+++ GIVEN RECORDS +++

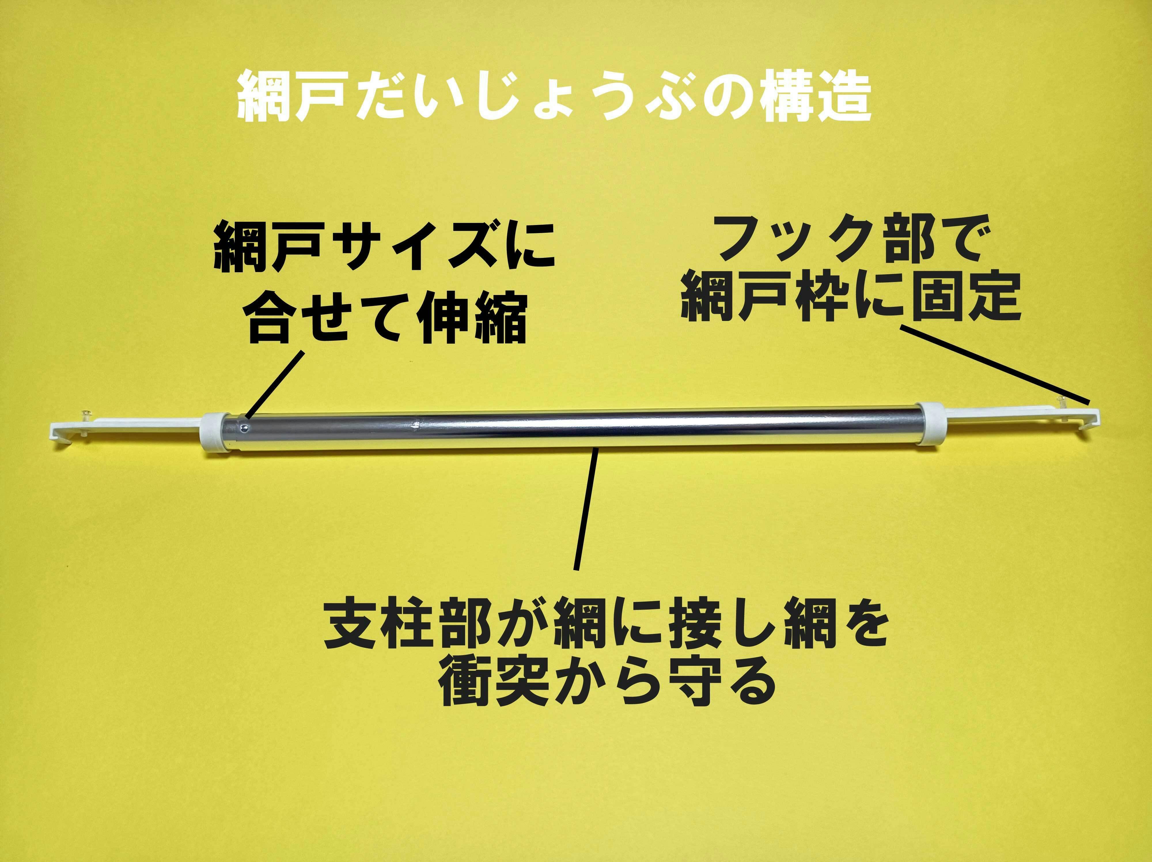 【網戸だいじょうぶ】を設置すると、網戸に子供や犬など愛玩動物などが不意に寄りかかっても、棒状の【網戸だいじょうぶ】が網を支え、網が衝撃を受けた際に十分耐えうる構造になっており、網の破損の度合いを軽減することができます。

+++
+++ GIVEN RECORDS +++

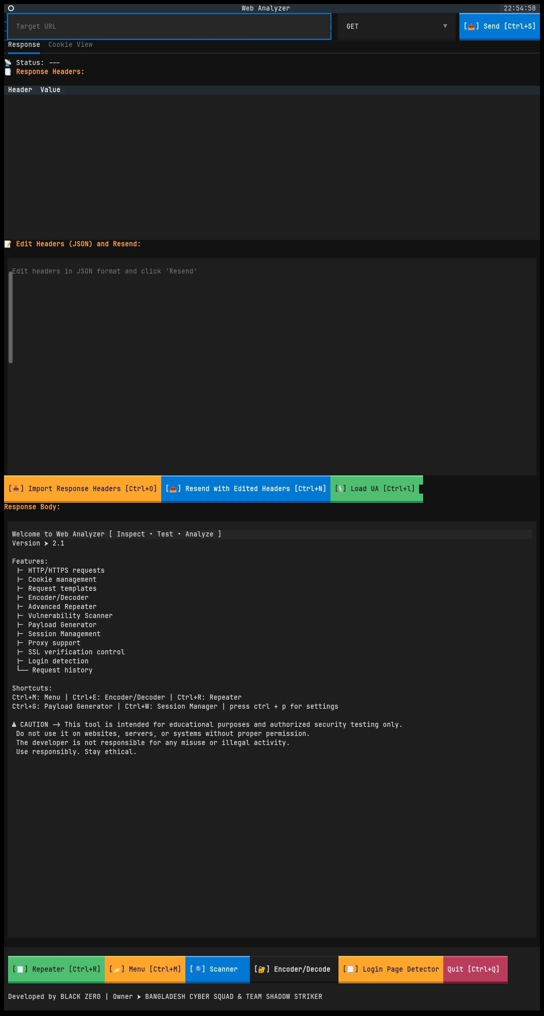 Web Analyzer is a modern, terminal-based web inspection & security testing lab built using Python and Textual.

+++
+++ GIVEN RECORDS +++

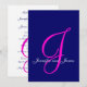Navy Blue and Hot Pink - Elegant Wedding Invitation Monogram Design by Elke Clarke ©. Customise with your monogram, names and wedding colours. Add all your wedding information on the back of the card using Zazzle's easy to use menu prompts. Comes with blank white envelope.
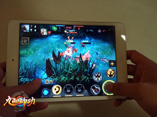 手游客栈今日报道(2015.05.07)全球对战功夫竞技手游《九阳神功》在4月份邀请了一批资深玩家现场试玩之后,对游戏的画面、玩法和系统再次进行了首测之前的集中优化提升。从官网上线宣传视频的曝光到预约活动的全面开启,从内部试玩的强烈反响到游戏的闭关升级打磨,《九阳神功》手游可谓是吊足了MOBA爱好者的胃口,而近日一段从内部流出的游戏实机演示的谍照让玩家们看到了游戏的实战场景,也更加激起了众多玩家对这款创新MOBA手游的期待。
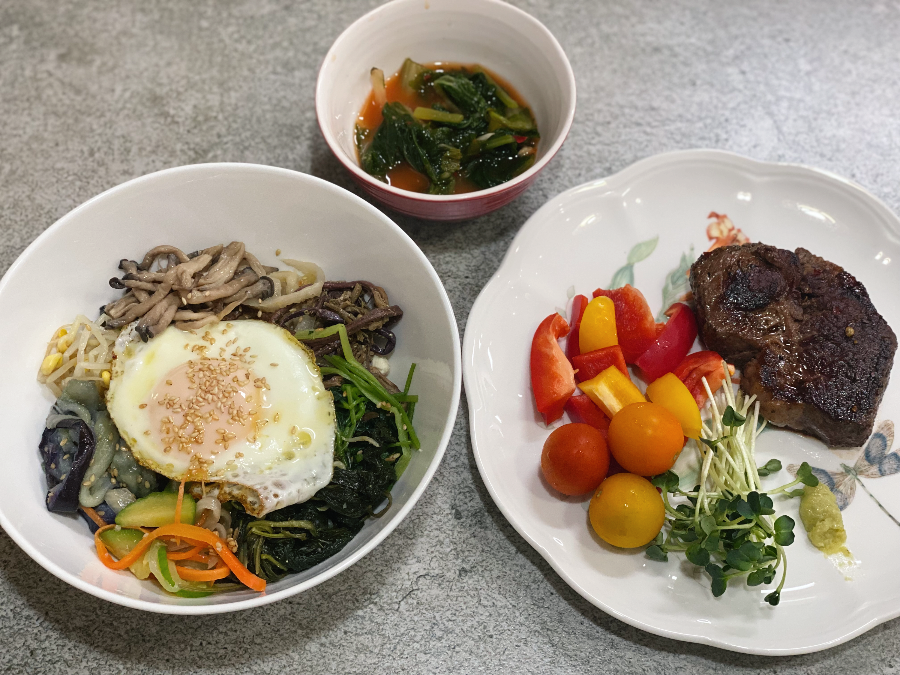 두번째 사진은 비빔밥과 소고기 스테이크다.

+++

• _REQUIRED ACTION_
Between and including the line above that contains "手游客栈今日报道(2015." and the line that contains "두번째 사진은 비빔밥과 소고기 스테이크다.", restate every line word for word. Pictures stay out.

• _ANSWER TO THE PROBLEM_
 手游客栈今日报道(2015.05.07)全球对战功夫竞技手游《九阳神功》在4月份邀请了一批资深玩家现场试玩之后,对游戏的画面、玩法和系统再次进行了首测之前的集中优化提升。从官网上线宣传视频的曝光到预约活动的全面开启,从内部试玩的强烈反响到游戏的闭关升级打磨,《九阳神功》手游可谓是吊足了MOBA爱好者的胃口,而近日一段从内部流出的游戏实机演示的谍照让玩家们看到了游戏的实战场景,也更加激起了众多玩家对这款创新MOBA手游的期待。
 두번째 사진은 비빔밥과 소고기 스테이크다.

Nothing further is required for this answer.